• [THE INPUT]:
· · · ·

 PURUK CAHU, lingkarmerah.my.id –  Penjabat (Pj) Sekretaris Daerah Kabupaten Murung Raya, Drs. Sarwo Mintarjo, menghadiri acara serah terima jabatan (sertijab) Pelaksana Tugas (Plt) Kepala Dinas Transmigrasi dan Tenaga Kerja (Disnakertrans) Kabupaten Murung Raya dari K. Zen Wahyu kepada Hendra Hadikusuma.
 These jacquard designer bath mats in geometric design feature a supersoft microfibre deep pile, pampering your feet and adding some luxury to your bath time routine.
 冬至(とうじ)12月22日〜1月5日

· · · ·

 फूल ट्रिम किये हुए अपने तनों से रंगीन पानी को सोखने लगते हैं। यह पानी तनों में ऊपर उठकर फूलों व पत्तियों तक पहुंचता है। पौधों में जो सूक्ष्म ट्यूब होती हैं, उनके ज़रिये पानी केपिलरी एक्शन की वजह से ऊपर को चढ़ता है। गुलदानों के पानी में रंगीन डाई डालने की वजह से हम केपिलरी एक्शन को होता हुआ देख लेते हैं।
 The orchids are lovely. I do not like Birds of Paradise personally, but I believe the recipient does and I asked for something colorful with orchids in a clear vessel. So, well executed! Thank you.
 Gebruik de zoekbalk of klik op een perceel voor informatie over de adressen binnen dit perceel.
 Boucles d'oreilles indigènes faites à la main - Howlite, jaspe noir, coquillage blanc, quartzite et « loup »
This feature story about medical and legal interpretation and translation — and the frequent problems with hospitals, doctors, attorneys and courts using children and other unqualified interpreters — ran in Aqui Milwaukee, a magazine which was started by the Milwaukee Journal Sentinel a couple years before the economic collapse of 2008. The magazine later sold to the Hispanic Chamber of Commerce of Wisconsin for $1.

· · · ·

• [TASK INSTRUCTIONS]:
Using the entries above, repeat only the lines from the one containing "These jacquard designer" through the one containing "冬至(とうじ)12月22日〜1月5日", end lines included.

• [EXERCISE SOLUTION]:
 These jacquard designer bath mats in geometric design feature a supersoft microfibre deep pile, pampering your feet and adding some luxury to your bath time routine.
 冬至(とうじ)12月22日〜1月5日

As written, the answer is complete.